To examine an ancient text requires an understanding of the ancient imagination. The Oresteia is set in a primitive world where people believed that every animal, tree, stone, river, mountain, star, cloud and clap of thunder was inspired by a spirit controlled by the gods. Heaven signalled its wishes through dreams, oracles or chance events which were interpreted by prophets. What we understand by ‘faith’, i.e. a volitional fealty to a particular religious code, didn’t exist. There was no free will either. Mortals chose between one divine instruction or another. The genius of Aeschylus was to commit his characters to a cycle of moral conflicts where every act of obedience was also an act of betrayal. Agamemnon must avenge Helen’s rape by attacking Troy but to gain a fair wind he must sacrifice his daughter, Iphigenia. Clytemnestra must avenge Iphigenia by committing the sin of murdering Agamemnon. Their son, Orestes, must avenge Agamemnon by killing Clytemnestra. That’s the plot. It opens with two eagles tearing apart a pregnant hare, whose womb spills its bloody contents into the earth.
This weird and disturbing universe is best approached through unexpected, offbeat effects. Adele Thomas’s production for the Globe opens with the black-clad chorus explaining the storyline using spare and restricted movements. Clytemnestra appears wearing a white robe swarming with freakish black diagonals. Agamemnon enters, a conquering king, rooted to his chariot like a captive. She welcomes him with lying expressions of fidelity. He suspects that she’s lying. She suspects that he suspects that she’s lying and the dialogue is fraught with ironies and covert tensions. Agamemnon steps on to a ceremonial sheet dripping with blood and exits to his bath where he’s netted and slaughtered. Clytemnestra reappears with his butchered body on an altar. Her face, arms and robe are drenched in blood. This is the opening gesture of European drama and it’s dominated by a woman of almost limitless complexity. She’s a killer queen, a bereaved mother, an adulteress and a traitor. Yet she’s also the instrument of moral justice and ultimately its victim as well. By avenging her daughter she lays her son under a sacred duty to murder her. This slow, eerily paced production brilliantly evokes the sheer strangeness and horror of the play. Rory Mullarkey’s translation follows the Aeschylean original faithfully and his lyrics make some attempt to evoke the percussive muscularity of the choruses. The discipline of the production is spoiled a little by Trevor Fox’s Aegisthus, who comes on as a drunken Geordie in an ill-fitting suit, a bit like a bladdered wedding guest. But when he describes the feud between his family and Agamemnon’s, his speeches reach an even higher pitch of tragic solemnity. I haven’t seen anything quite as sickening or as stately as this version of these plays. The director proves that to do Aeschylus justice you just need to do Aeschylus. Keep out of his way and let him speak.

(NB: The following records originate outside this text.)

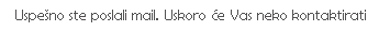 Hvala Vam što ste nas kontaktirali, odgovorićemo Vam u najkraćem moguće roku..
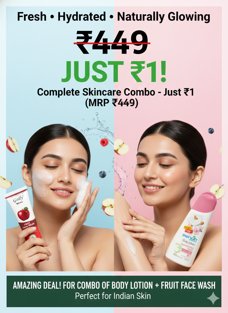 The Gaily Aroma Fruit Face Wash gently cleanses the skin, helping reduce tan and signs of sun damage while keeping your face fresh and oil-free. Paired with the Everyuth Naturals Rejuvenating Flora Body Lotion, this combo delivers 24-hour moisturisation with the goodness of almond milk, leaving your skin nourished and smooth.
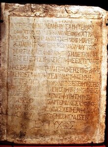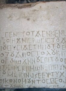 Η ιστορική σημασία έχει η επιγραφή πού αναφέρεται στήν τελετή εγκαινίων τῆς Αγίας Τραπέζης τῆς πρώτης βασιλικής τού Ευαγγελιστού Ἰωάννου. ( 3ος-4ος αιώ μ.χ.),
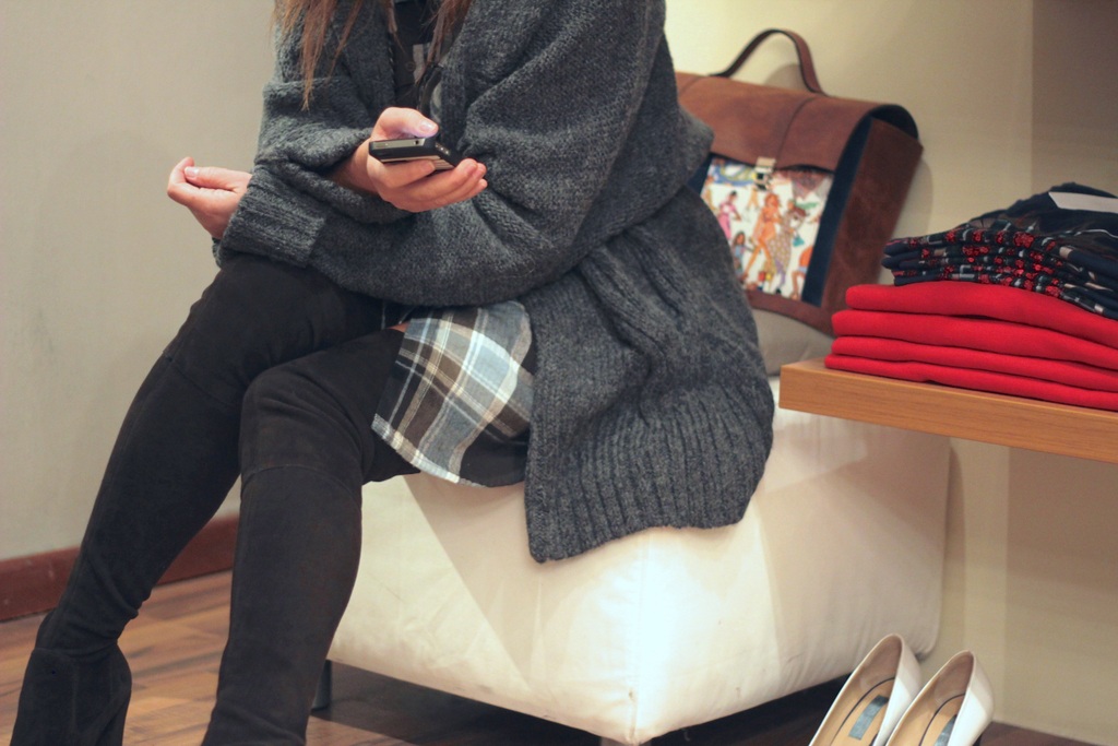 Un Outlet che permette capi di qualità a prezzi molto bassi. Io mi sono strainnamorata di una camicia a quadri di Naf Naf, con maniche lunghe e polsini abbottonati, ma ahimé non c’era la mia taglia. Quindi ho giocato sulle taglie over e l’ho trasformata in un mini abito scamiciato a quadri. Poi ho trovato un maxi cardigan in lana grigio, di quelli evergreen che non possono mancare in ogni buon guardaroba che conti e l’ho abbinato sopra, strizzato in vita con la sua cinturina marrone. Il cardigan è abbinabile con qualsiasi tipo di abbigliamento per un tocco di stile e di tepore in questo Dicembre un po’ rigido. Il tutto scontato al 70%.
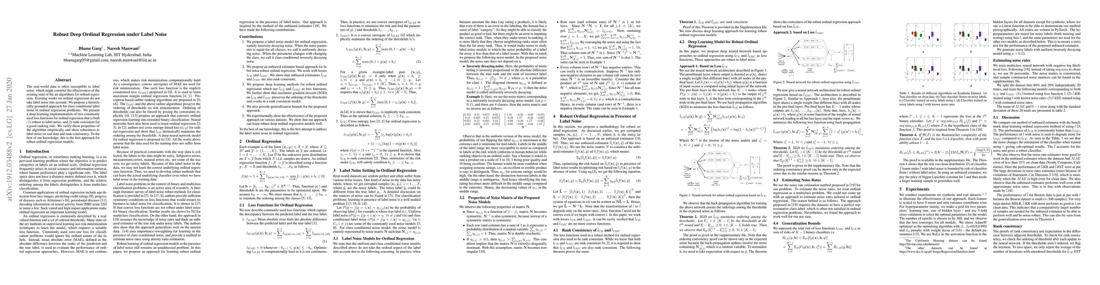 This paper introduces a novel deep learning method for robust ordinal regression under label noise, employing theoretically grounded approaches and two common loss functions. The proposed model demonstrates robustness to label noise and rank consistency, marking the first attempt at such a problem in ordinal regression.

Robert Icke’s Oresteia, set in modern Britain, takes us as far from the original as possible. The plot seems like utter tripe in an age when political leaders are weaponised diplomats waging wars at the touch of a button. The idea that a prime minister would murder his daughter as part of his military strategy is inconceivable. So our faith in the play expires at the outset. The scene in which Iphigenia is lethally drugged by her father is creepily revolting and curiously tedious as well. Agamemnon cries a bit when she dies. Then he shouts a bit. Later, when he returns from Troy, he’s greeted by Clytemnestra who wears Boden casuals and a slightly prickly smile. She looks like a yummy mummy who’s just burned the home-made fudge. There’s no menace, no double talk, no sense of impending doom.
The staging is flashy and often stylish but it adds no weight to the drama. And the text has been massacred. Icke’s translation is both orotund and banal. Great chunks of new material have been inserted while the role of Aegisthus has dwindled to a few syllables which, confusingly, are spoken by Agamemnon. To convey extreme passion the actors have been told to crank up the volume. They all scream like overladen jumbos. But basic directorial wisdom states that players should always hold something in reserve. To expose every last scrap of emotion is to admit that there’s nothing left to see. And the audience tunes out. Then it walks out. That didn’t happen during this 215-minute ordeal mainly because the closing court scene was rattled off at breakneck speed. I have a hunch that the producers fancy this as a TV series. It may well bore millions in that form. But as theatre it’s a relentless slab of bombast. And to call it Aeschylus is to invite the attention of trading standards officers.